- [Task item] Down to the last line, transcribe the records verbatim and exclude the images.

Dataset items
....
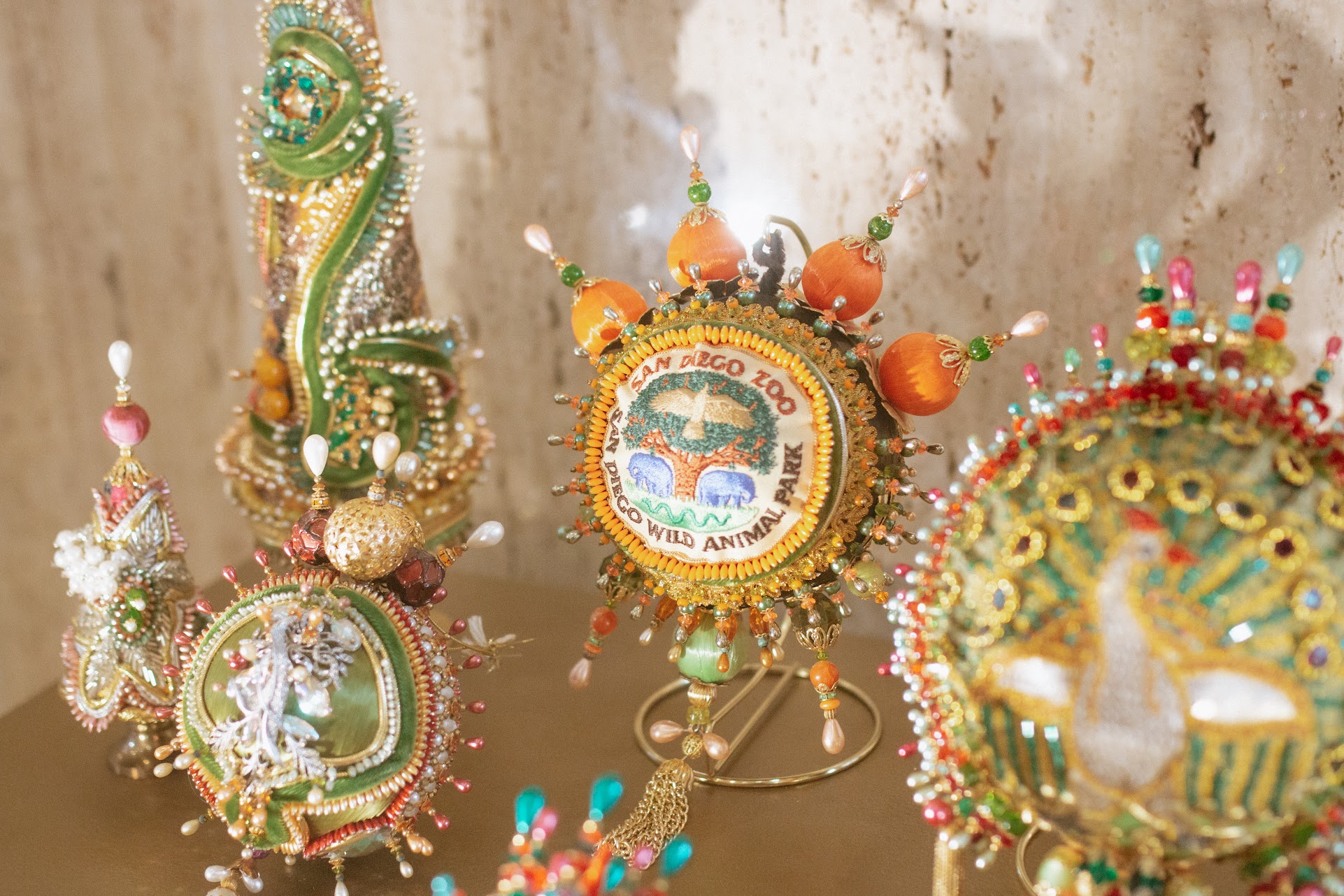 The Jewels of the Season ornaments are a sensory extravaganza, and have been a San Diego holiday tradition for many years. These incredible ornaments are entirely handmade and feature beads, sequins, gemstones, and filigree from around the world. The decorative ornaments, often compared to Faberge eggs, were designed and handcrafted by local San Diegan artisans, Florence Hord, and Elizabeth Schlappi.
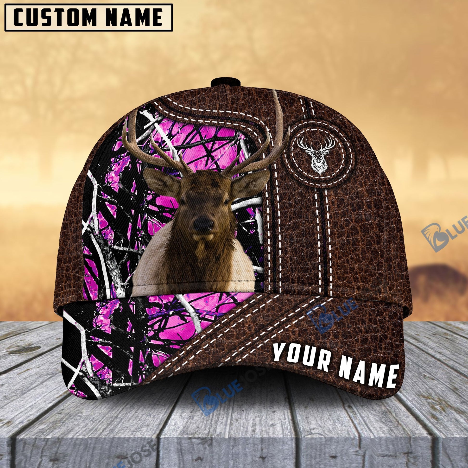 BlueJose Elk Hunting Premium Leather Pattern Personalized Name Cap (4 Colors)
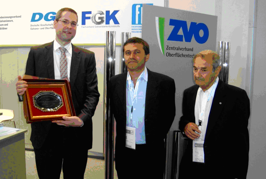 Ambas ferias concentraron 353 empresas que exhibieron sus productos y servicios, además de los stands institucionales, dentro de los cuales se destacaron los de las regiones de BadenWurtemberg, Bayern y Nord Rhein Westphalen, espacios que fueron compartidos por varias universidades y centros e investigación y capacitación, como el Fraunhofer Institut. En el centro de la muestra se ubicaba el stand de nuestra cámara colega, la ZVO (Zentralverband Oberflächentechnik, www.zvo.org), donde la delegación fue recibida por su Presidente Rainer Venz y su Director Ejecutivo, el Dr. Sâsa Jacob. Luego del saludo protocolar se abordaron temas de mutuo interés, planteándose posibles líneas de acción futura. El encuentro finalizó con la entrega de un recordatorio del primer encuentro institucional por parte del Presidente de SADAM, Ing. Fabio Pennella.
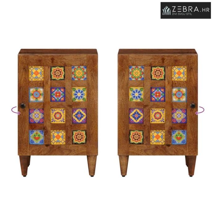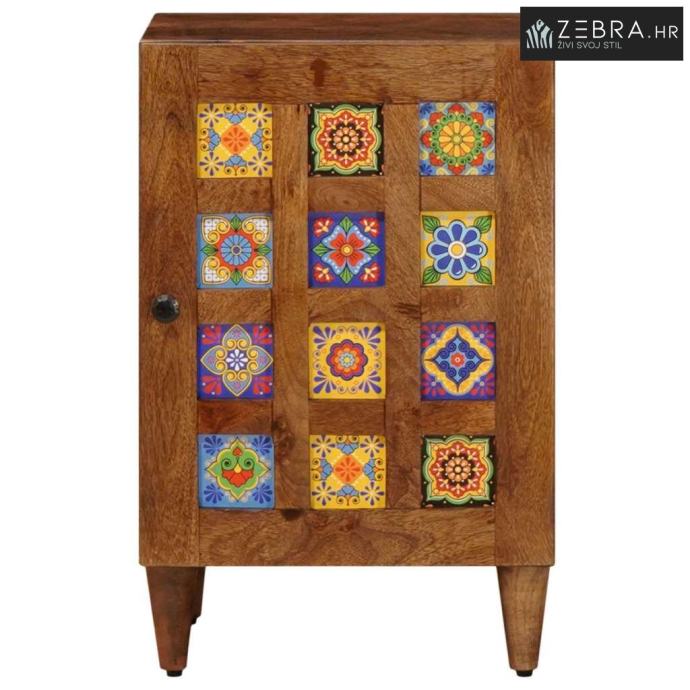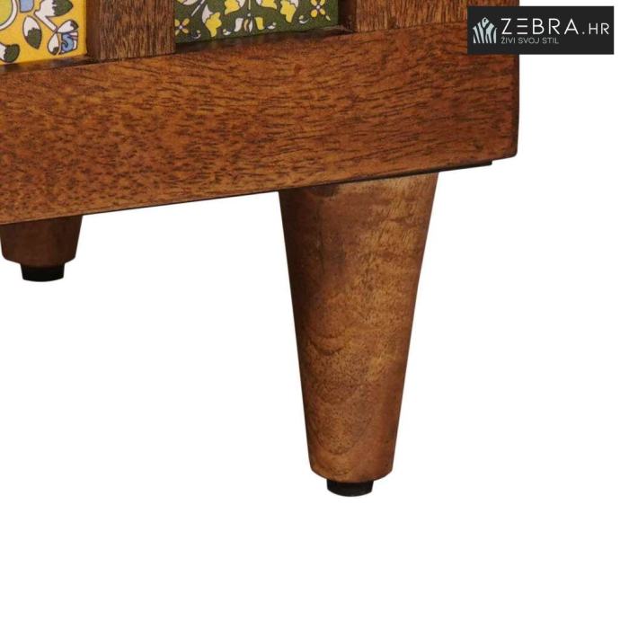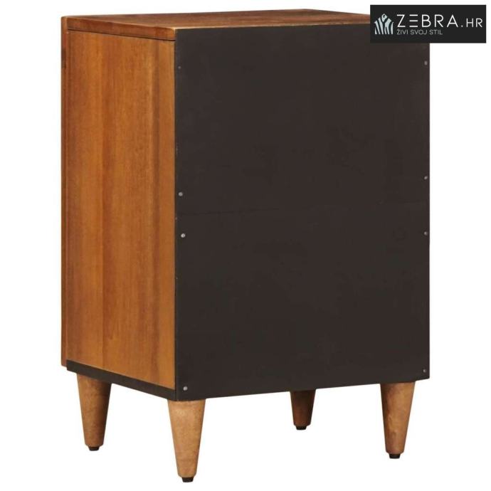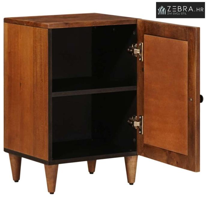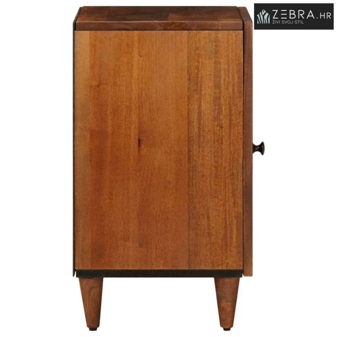 Masivno drvo manga: Ova komoda ima čvrsta vrata i površinu od kvalitetnog masivnog drva manga, poznatog po svojim nježnim uzorcima i trajnosti. Pruža robusnu strukturu koja izdrži svakodnevnu upotrebu, a ujedno donosi toplinu u vaš prostor, stvarajući ravnotežu s ostalim kupaonskim elementima.
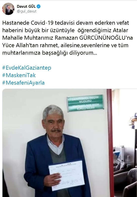 Gaziantep'te bir süre önce korona virüs (covid 19) salgınına yakalanan ve test sonuçları pozitif çıkan Şehitkamil ilçesine bağlı Atalar Mahalle Muhtarı Ramazan Gürcününoğlu, tedavi gördüğü hastanede hayatını kaybetti. Sosyal medya hesabından Muhtar Gürcününoğlu'nun vefatını duyuran Gaziantep Valisi Davut Gül, "Korona Hastanede Covid-19 tedavisi devam ederken vefat haberini büyük bir üzüntüyle öğrendiğimiz Atalar Mahalle Muhtarımız Ramazan Gürcününoğlu'na Yüce Allah'tan rahmet, ailesine,sevenlerine ve tüm muhtarlarımıza başsağlığı diliyorum" paylaşımını yaptı.
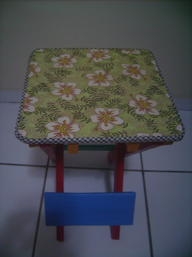 Aquele bom, velho e baratinho banquinho de madeira lá do Mercado São José totalmente customizado.
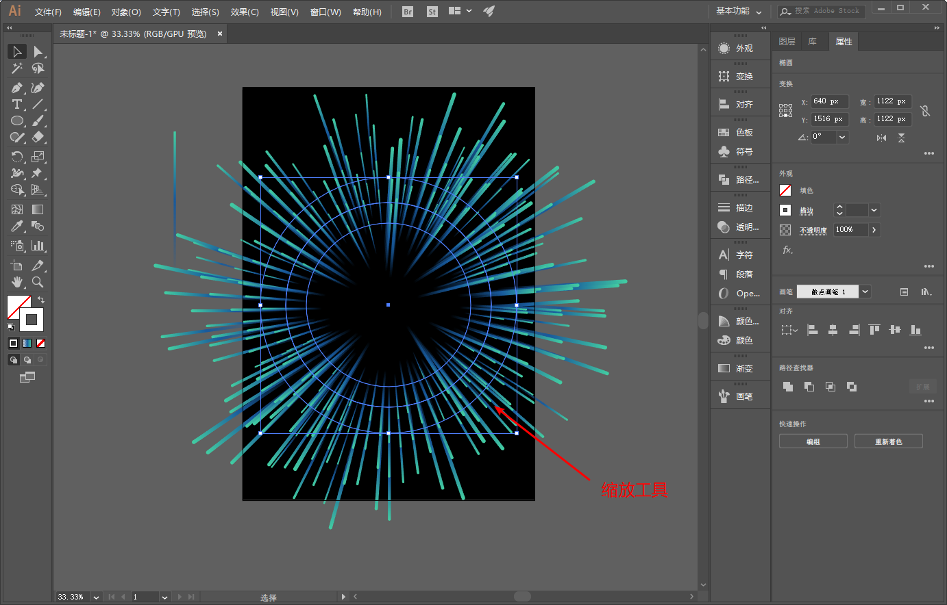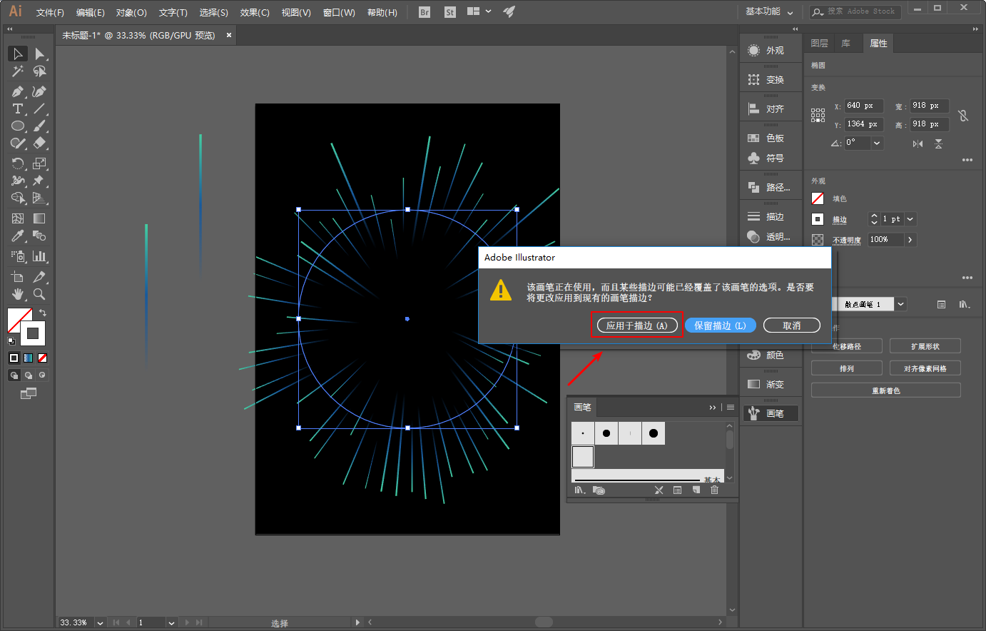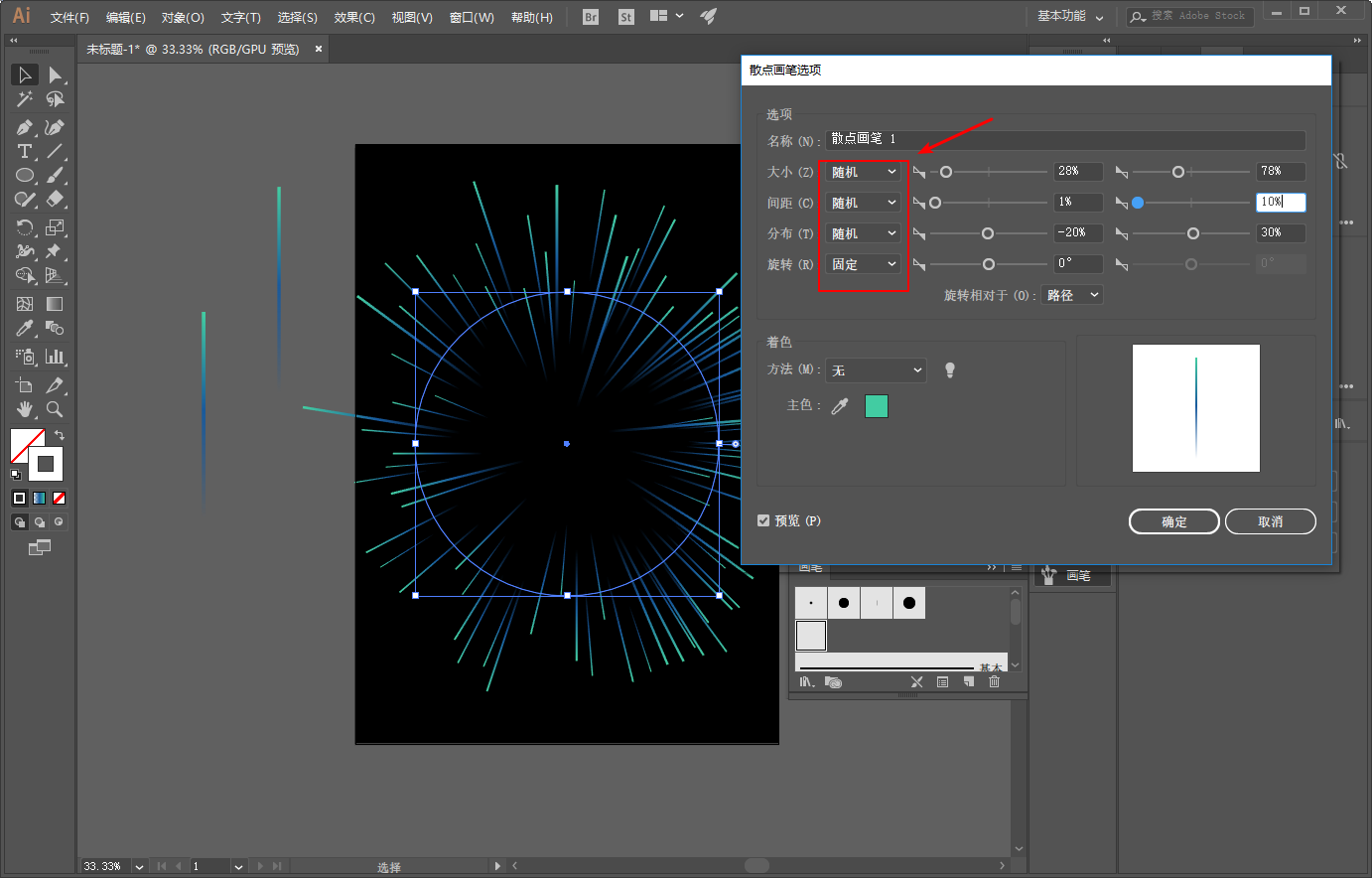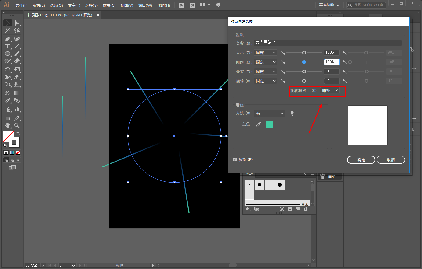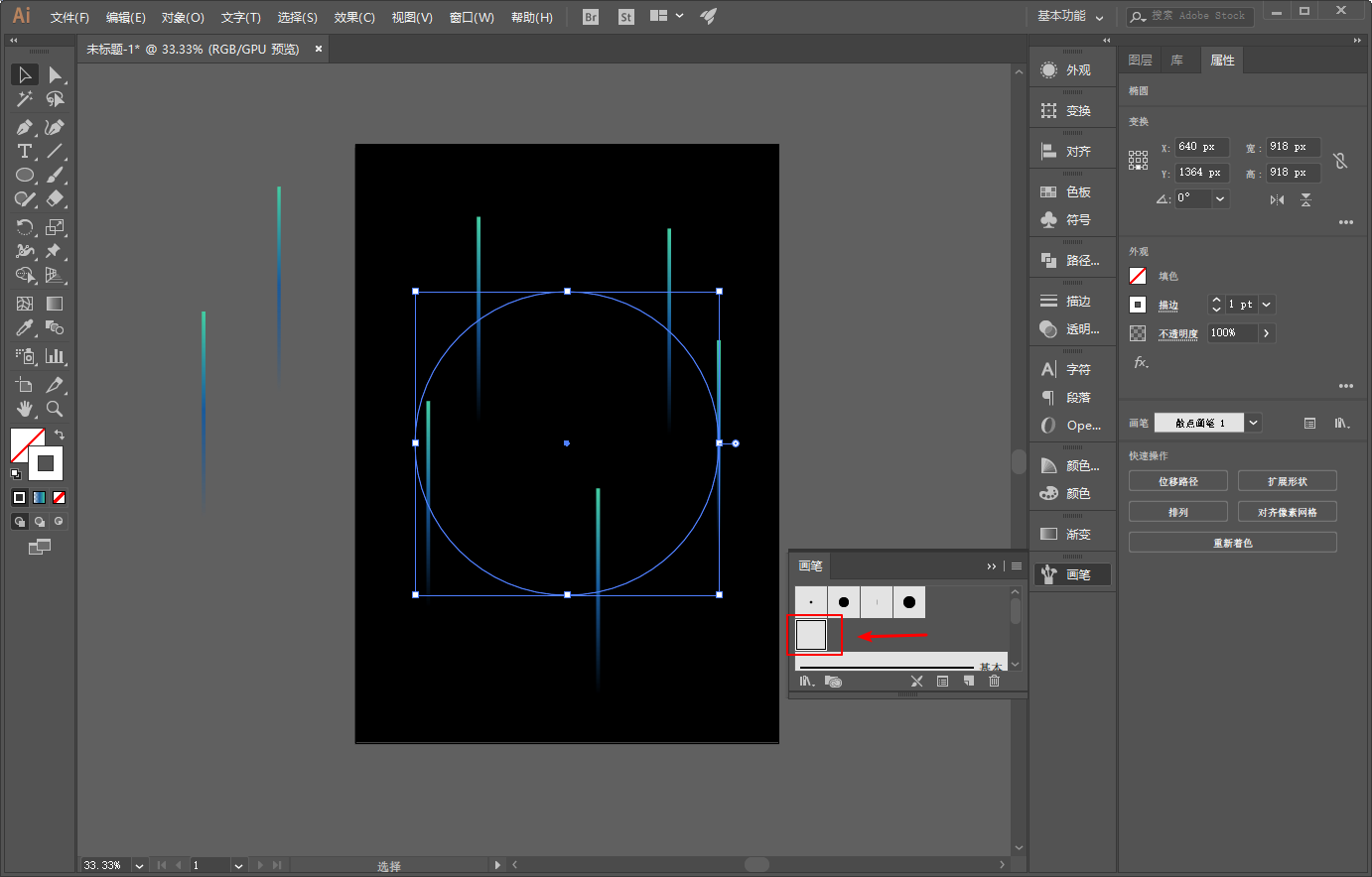 选中复制出来的圆,将其改为另外一个散点画笔:
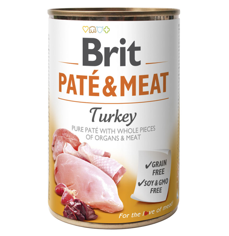 Brit PATE & MEAT lata de pavo y paté es un alimento Súperpremium para perros. Para caninos verdaderamente gourmets. Pedacitos de carne cuidadosamente seleccionados con un sabor único bañados en una salsa vegetal suave y paté. Amplia selección de sabores como complemento alimenticio para todos los días.
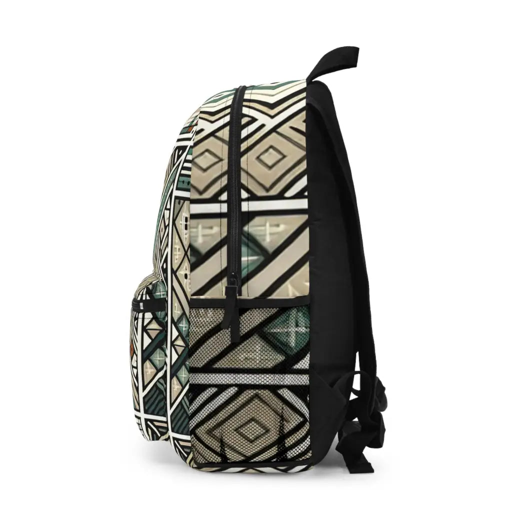 Intricate geometric patchwork of muted earth tones and teal, each square uniquely patterned with lines, dots, and shapes, creating a mesmerizing mosaic. The symphony of symmetry and abstraction forms a striking tapestry of modern artistry and mathematical beauty. Introducing the ultimate backpack for fashion-forward adventurers! Our backpack boasts a striking textile design that will make a statement wherever you go. With its durable construction and spacious compartments, it is perfect for carrying all your essentials. Get ready to turn heads and stay organized with our backpack. #textiledesign #backpack #fashionforward #adventure #durable #spacious #statementpiece #organized #essentials #travel #explore
....
- [Task solution]
 The Jewels of the Season ornaments are a sensory extravaganza, and have been a San Diego holiday tradition for many years. These incredible ornaments are entirely handmade and feature beads, sequins, gemstones, and filigree from around the world. The decorative ornaments, often compared to Faberge eggs, were designed and handcrafted by local San Diegan artisans, Florence Hord, and Elizabeth Schlappi.
 BlueJose Elk Hunting Premium Leather Pattern Personalized Name Cap (4 Colors)
 Ambas ferias concentraron 353 empresas que exhibieron sus productos y servicios, además de los stands institucionales, dentro de los cuales se destacaron los de las regiones de BadenWurtemberg, Bayern y Nord Rhein Westphalen, espacios que fueron compartidos por varias universidades y centros e investigación y capacitación, como el Fraunhofer Institut. En el centro de la muestra se ubicaba el stand de nuestra cámara colega, la ZVO (Zentralverband Oberflächentechnik, www.zvo.org), donde la delegación fue recibida por su Presidente Rainer Venz y su Director Ejecutivo, el Dr. Sâsa Jacob. Luego del saludo protocolar se abordaron temas de mutuo interés, planteándose posibles líneas de acción futura. El encuentro finalizó con la entrega de un recordatorio del primer encuentro institucional por parte del Presidente de SADAM, Ing. Fabio Pennella.
 Masivno drvo manga: Ova komoda ima čvrsta vrata i površinu od kvalitetnog masivnog drva manga, poznatog po svojim nježnim uzorcima i trajnosti. Pruža robusnu strukturu koja izdrži svakodnevnu upotrebu, a ujedno donosi toplinu u vaš prostor, stvarajući ravnotežu s ostalim kupaonskim elementima.
 Gaziantep'te bir süre önce korona virüs (covid 19) salgınına yakalanan ve test sonuçları pozitif çıkan Şehitkamil ilçesine bağlı Atalar Mahalle Muhtarı Ramazan Gürcününoğlu, tedavi gördüğü hastanede hayatını kaybetti. Sosyal medya hesabından Muhtar Gürcününoğlu'nun vefatını duyuran Gaziantep Valisi Davut Gül, "Korona Hastanede Covid-19 tedavisi devam ederken vefat haberini büyük bir üzüntüyle öğrendiğimiz Atalar Mahalle Muhtarımız Ramazan Gürcününoğlu'na Yüce Allah'tan rahmet, ailesine,sevenlerine ve tüm muhtarlarımıza başsağlığı diliyorum" paylaşımını yaptı.
 Aquele bom, velho e baratinho banquinho de madeira lá do Mercado São José totalmente customizado.
 选中复制出来的圆,将其改为另外一个散点画笔:
 Brit PATE & MEAT lata de pavo y paté es un alimento Súperpremium para perros. Para caninos verdaderamente gourmets. Pedacitos de carne cuidadosamente seleccionados con un sabor único bañados en una salsa vegetal suave y paté. Amplia selección de sabores como complemento alimenticio para todos los días.
 Intricate geometric patchwork of muted earth tones and teal, each square uniquely patterned with lines, dots, and shapes, creating a mesmerizing mosaic. The symphony of symmetry and abstraction forms a striking tapestry of modern artistry and mathematical beauty. Introducing the ultimate backpack for fashion-forward adventurers! Our backpack boasts a striking textile design that will make a statement wherever you go. With its durable construction and spacious compartments, it is perfect for carrying all your essentials. Get ready to turn heads and stay organized with our backpack. #textiledesign #backpack #fashionforward #adventure #durable #spacious #statementpiece #organized #essentials #travel #explore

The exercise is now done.